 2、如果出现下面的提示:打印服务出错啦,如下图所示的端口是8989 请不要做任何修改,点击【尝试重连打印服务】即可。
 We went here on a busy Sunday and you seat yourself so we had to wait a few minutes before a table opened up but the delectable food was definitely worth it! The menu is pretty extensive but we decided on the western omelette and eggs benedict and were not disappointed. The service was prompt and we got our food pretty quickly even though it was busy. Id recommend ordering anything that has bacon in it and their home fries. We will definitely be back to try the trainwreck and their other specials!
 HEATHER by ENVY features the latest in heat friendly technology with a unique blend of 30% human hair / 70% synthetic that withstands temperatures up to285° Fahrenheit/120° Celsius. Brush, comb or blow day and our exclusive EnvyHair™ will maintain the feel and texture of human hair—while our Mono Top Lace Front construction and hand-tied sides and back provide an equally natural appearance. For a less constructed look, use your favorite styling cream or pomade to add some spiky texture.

-------------------------

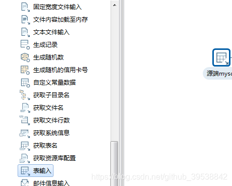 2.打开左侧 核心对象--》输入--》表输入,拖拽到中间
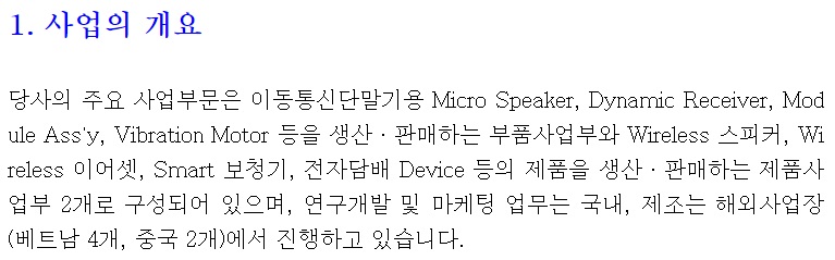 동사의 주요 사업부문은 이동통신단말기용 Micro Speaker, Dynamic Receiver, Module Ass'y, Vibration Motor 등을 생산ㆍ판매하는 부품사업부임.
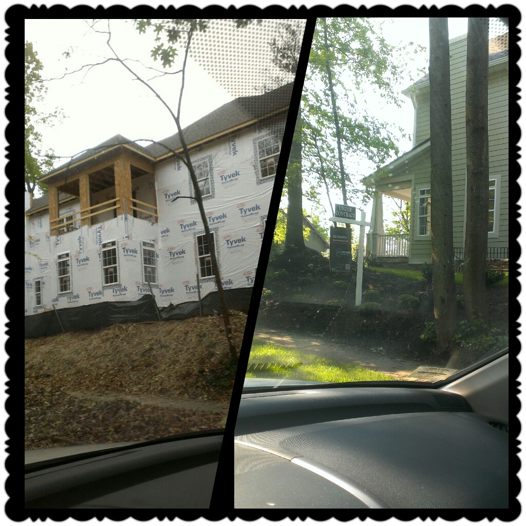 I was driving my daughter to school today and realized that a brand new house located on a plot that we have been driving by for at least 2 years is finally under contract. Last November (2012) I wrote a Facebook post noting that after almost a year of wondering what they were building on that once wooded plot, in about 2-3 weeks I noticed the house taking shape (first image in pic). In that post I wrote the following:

-------------------------

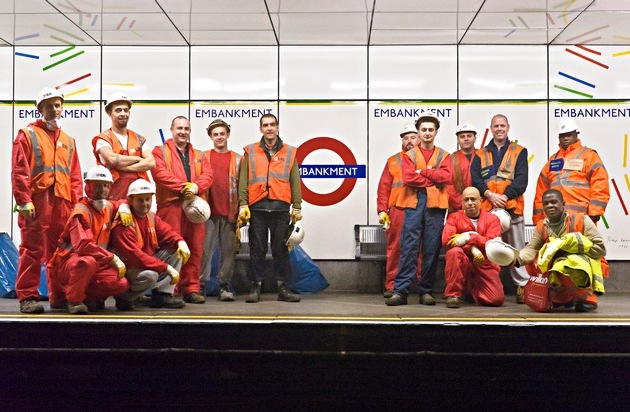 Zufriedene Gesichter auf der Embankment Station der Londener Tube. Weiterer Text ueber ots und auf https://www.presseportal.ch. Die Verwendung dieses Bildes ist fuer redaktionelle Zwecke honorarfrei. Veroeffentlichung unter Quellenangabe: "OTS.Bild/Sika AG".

-------------------------

● **Work task**
Copy nothing but the lines above from the one with "2.打开左侧 核心对象--》输入--》表输入,拖拽到中间" to the one with "I was driving", inclusive, word for word. Leave every picture out.

● **Exercise result**
 2.打开左侧 核心对象--》输入--》表输入,拖拽到中间
 동사의 주요 사업부문은 이동통신단말기용 Micro Speaker, Dynamic Receiver, Module Ass'y, Vibration Motor 등을 생산ㆍ판매하는 부품사업부임.
 I was driving my daughter to school today and realized that a brand new house located on a plot that we have been driving by for at least 2 years is finally under contract. Last November (2012) I wrote a Facebook post noting that after almost a year of wondering what they were building on that once wooded plot, in about 2-3 weeks I noticed the house taking shape (first image in pic). In that post I wrote the following:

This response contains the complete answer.